Adobes don’t burn easily, but they burn. The entire block was coming out onto the calle. Enthralled. Seconds before, they’d who’d been hiding, gawked. The shootout, all but forgotten.
‘Spose it’s why Moses paid heed to a flaming bush.
“¿Qué pase?” The old men hollered.
Others shouted curse words.
None had the guts to come chasing after us. Right now, at least. A flicker of torchlight from the stables. María. Mustache came sprinting out of the darkness, like he’d run to the river and back already.
“¡Ella nos deja!”
No shit, she’s leaving us. If Mustache thought the inferno was bad, imagine when genuine Rafael boys come down from the Seco and take revenge on her saloon tomorrow. María lost the tavern the moment Javier Minas de Campo reached for his gun and Grambling shot that Rurale between the eyes.

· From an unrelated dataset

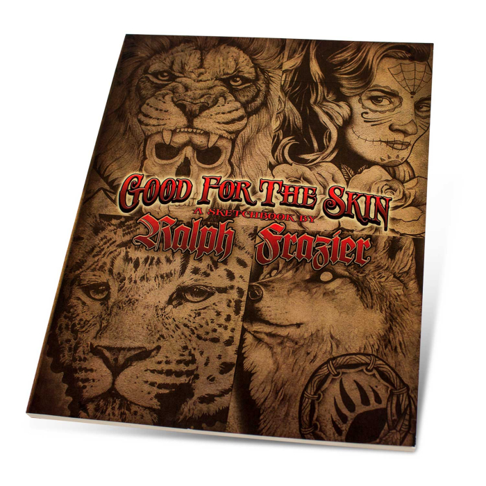 Good for the Skin av Ralph Frazier har 40 enkle sider med black and grey kunst. Denne boken er ment for inspirasjon for tatovører. Sidene er printet på et krem hvitt ark. Ralph er lærling hos Stinky Monkey Tattoos.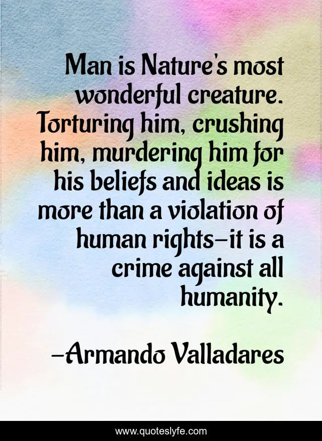 This page presents the quote "Man is Nature's most wonderful creature. Torturing him, crushing him, murdering him for his beliefs and ideas is more than a violation of human rights-it is a crime against all humanity.". Author of this quote is Armando Valladares. This quote is about philosophical, political,.

We all lost something right then, come to think of it. Me, the quiet life I’d planned on a plot outside the Paso de Robles. Medge, any lingering credibility to his snake oil scheme. Not to mention Grambling, who of course lost his life.
Mustache looked motivated for a man who’d just lost his job. Outside the stable, he took directions eagerly from María as she helped the girl with her horse. Not that these horses belonged to any of us.
Susanna, my chestnut filly, was parked north of Primera Calle with José Bravo. He’d hold on to her for a week or two before he sold her off. This bay mare would have to do.
“Where do we go?”
“A casa en L’abra. Sígueme.” Medge stared blankly. “Follow me,” María said.
A safe house in L’abra was an oxymoron. Even Medge knew that. Right on cue, the fire bells started.
Do-gooders were already forming bucket lines from the pump jack. Which increased the odds of at least one resident peering over to check on their horses.
“¿Vienes, Alberto?”
“Por supuesto, señora.”
Mustache has a name after all. And he’s coming with us. He made it seem as if he could ride well. I wasn’t so sure about the girl, Fatima.
“She has to come?” I whined.
“Yes, lo hace,” María shot back. “Vamos! We ride, blanquitos.”